What’s wrong with this? Everything. In the first place, the whole idea of chiropractic (as opposed to the spinal manipulation therapy used by evidence-based practitioners) is based on a mythical “subluxation.” In the second place, she claims to be using the N.U.C.C.A. method, a “hole-in-one” technique in which the top neck vertebra is adjusted and that supposedly makes all the rest of the spinal vertebrae fall into line like good little soldiers – an idea which even most chiropractors reject. And she takes unnecessary x-rays. And she is either deliberately lying or she can’t distinguish reality from imagination.

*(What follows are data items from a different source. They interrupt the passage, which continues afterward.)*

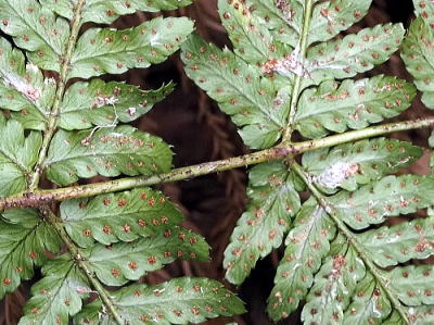 葉柄の鱗片は最基部では褐色ですが,そこから上は黒褐色になります。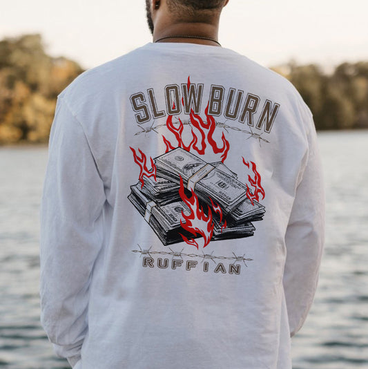 Slow Burn Graphic Print Casual Men's Long Sleeve T-Shirt-A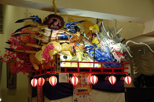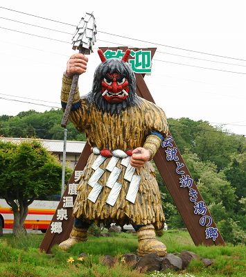 男鹿温泉郷入り口で「悪い子はいねが~のなまはげ」が歓迎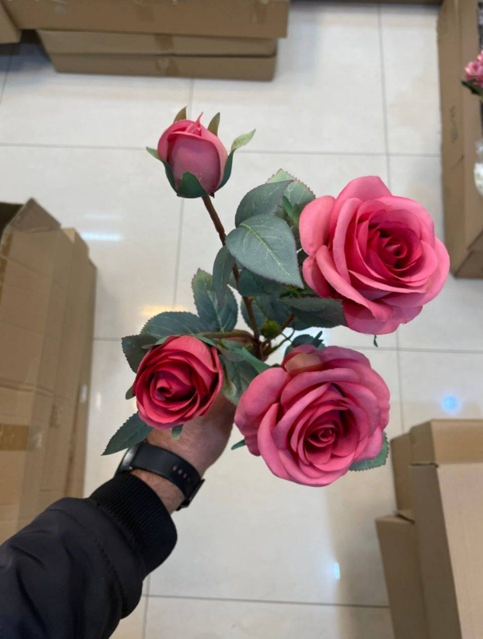 شاخه رز مصنوعی سرگل درشت صورتی پررنگ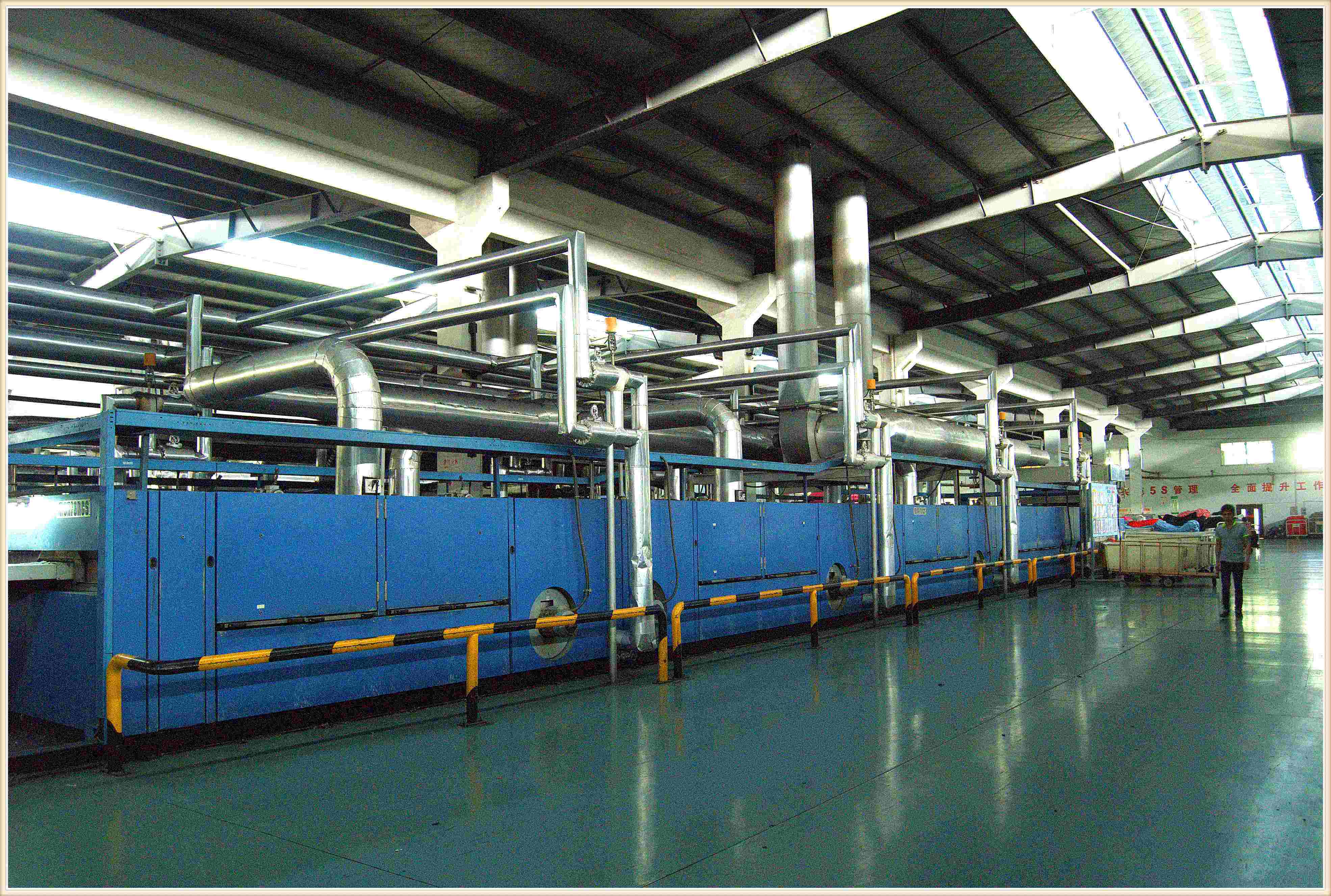 (4)用分散染料上色,浅色品种以低温型3B型红3B,黄SE 5R,蓝2BLN为三原色;中深色品种以高温型红玉S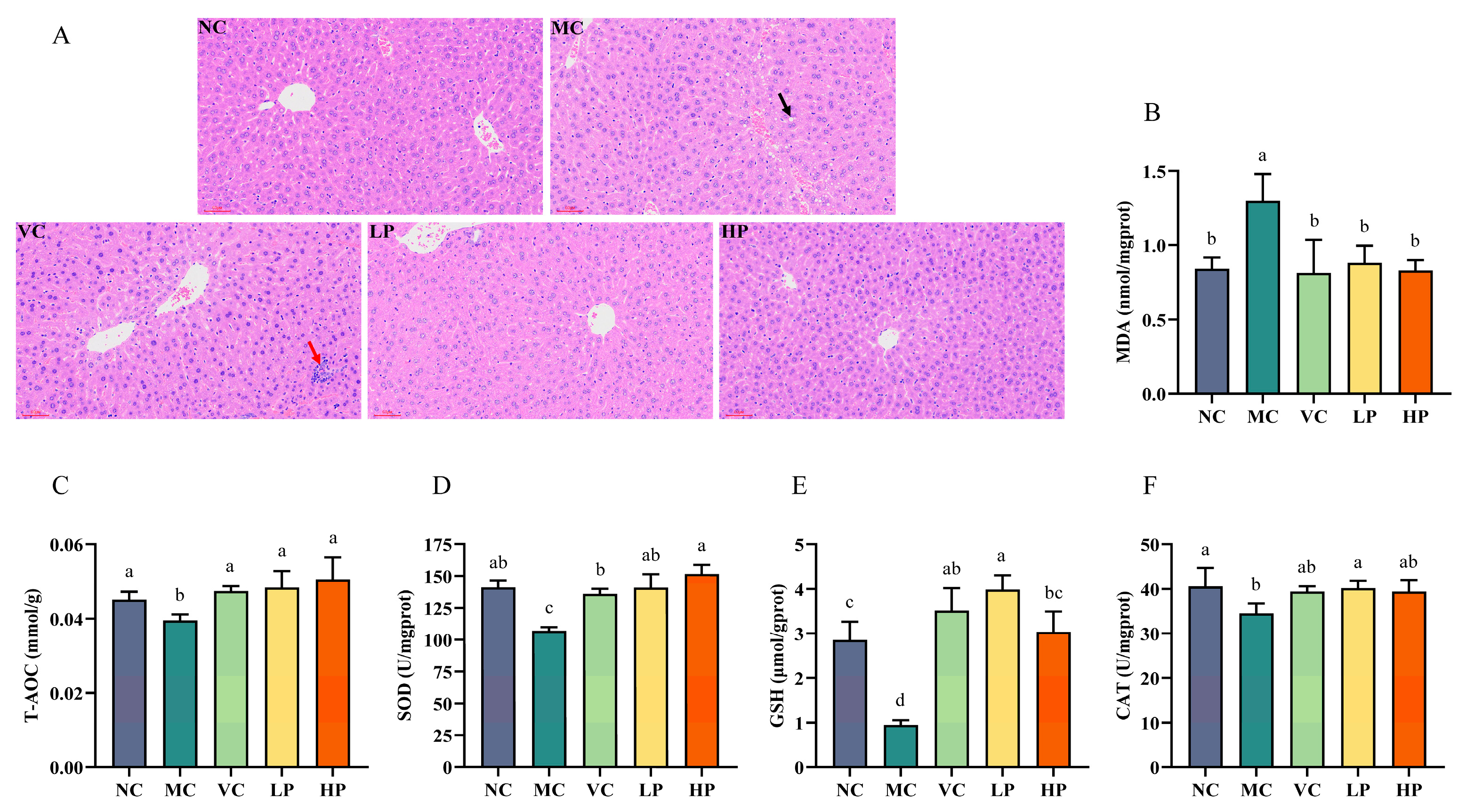 - Jin, D.; Jia, C.; Yang, B.; Wu, Y.; Chen, L.; Liu, R.; Wu, M.; Yu, H.; Ge, Q. The ameliorative mechanism of Lactiplantibacillus plantarum NJAU-01 against D-galactose induced oxidative stress: A hepatic proteomics and gut microbiota analysis. Food Funct. 2024, 15, 6174–6188. [Google Scholar] [CrossRef] [PubMed]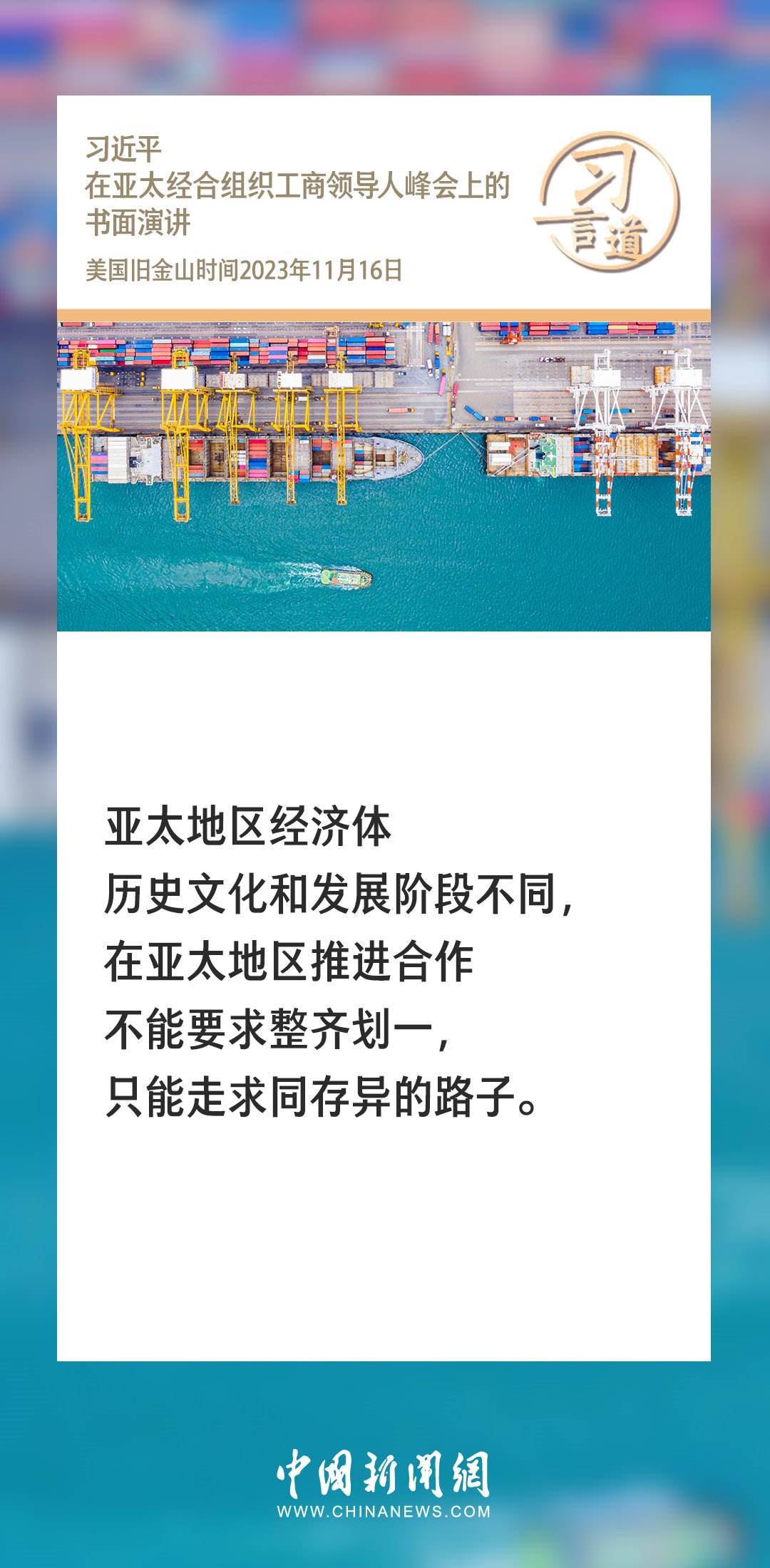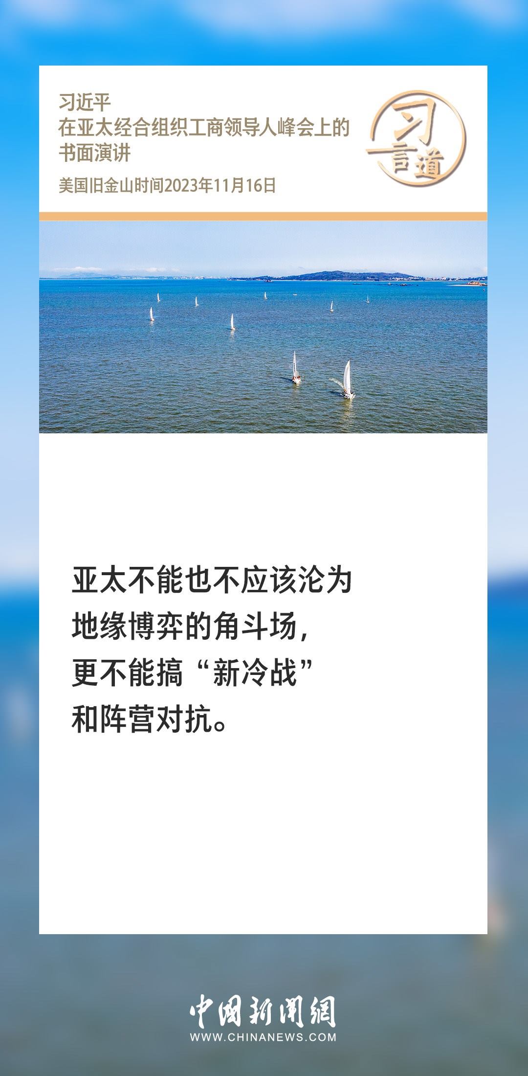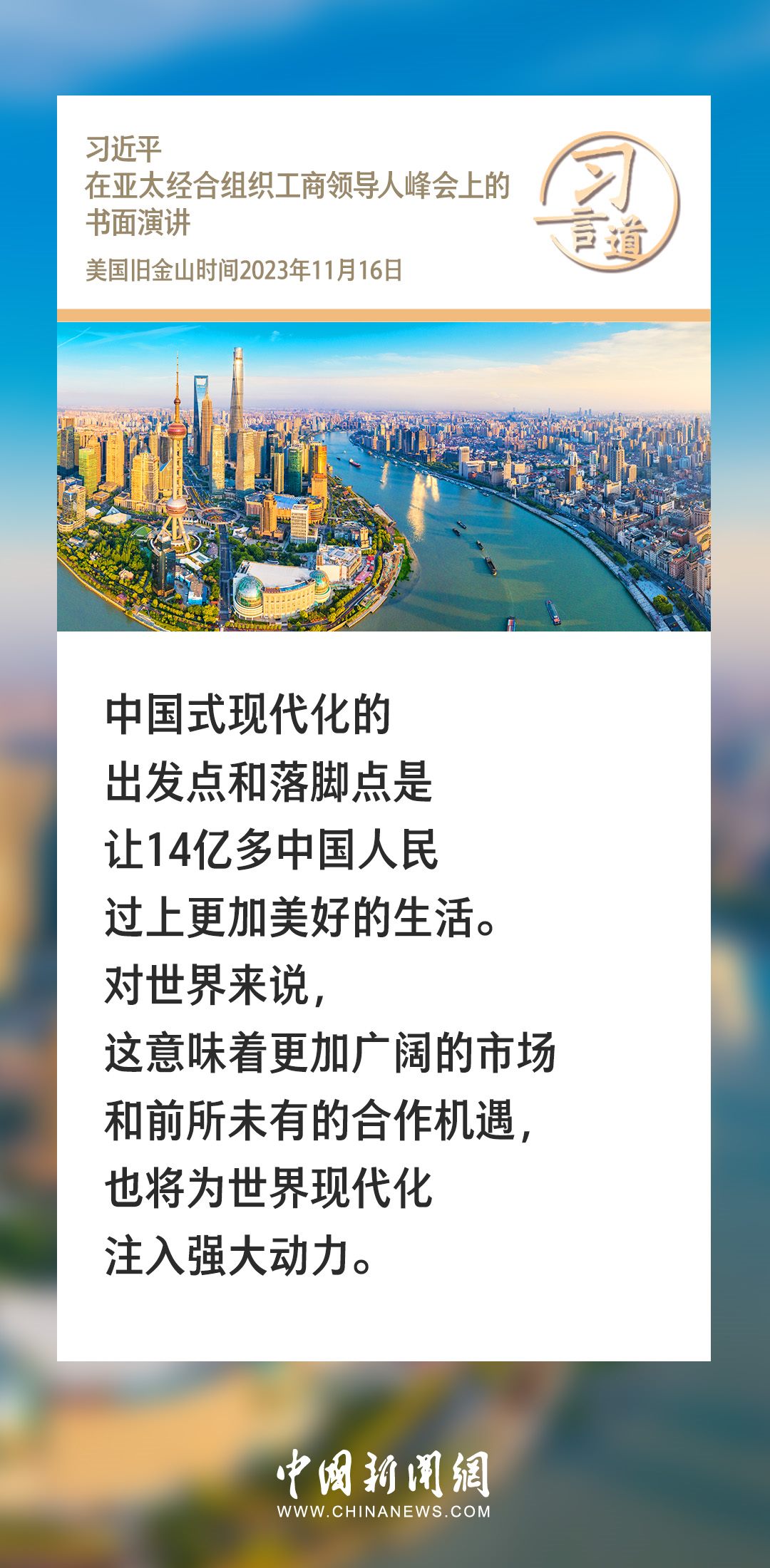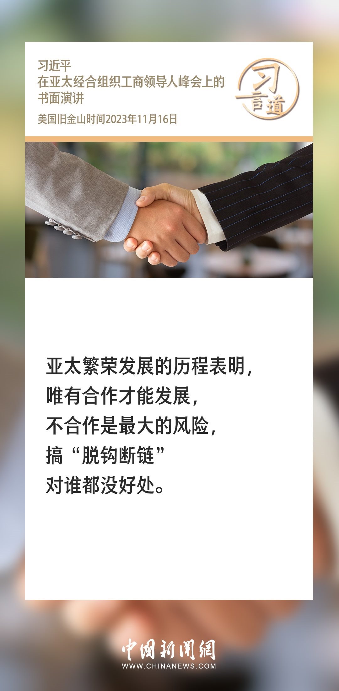 當地時間11月16日上午,國家主席習近平向在舊金山舉行的亞太經合組織工商領導人峰會發(fā)表題為《同心協(xié)力 共迎挑戰(zhàn) 譜寫亞太合作新篇章》的書面演講。習近平指出——

I reported her to the Chiropractic QA Commission for (1) pretending to do a procedure, (2) billing patients for a procedure she has not done, and (3) being frankly delusional. They watched the video, decided she really touched the patient and was only pretending not to on the video, and dismissed my complaint on the basis of a short telephone conversation with each other. They said what she is doing is legal. I wrote the State Secretary of Health and asked if I could legally pretend to take out someone’s appendix or an imaginary tumor and charge them for it. If so, I can foresee a lucrative career ahead of me. I convinced them to reopen the case, but I won’t hold my breath. I don’t think they care what chiropractors do as long as they don’t get caught defrauding insurance companies or having sex with their patients. It’s up to us emptors to caveat.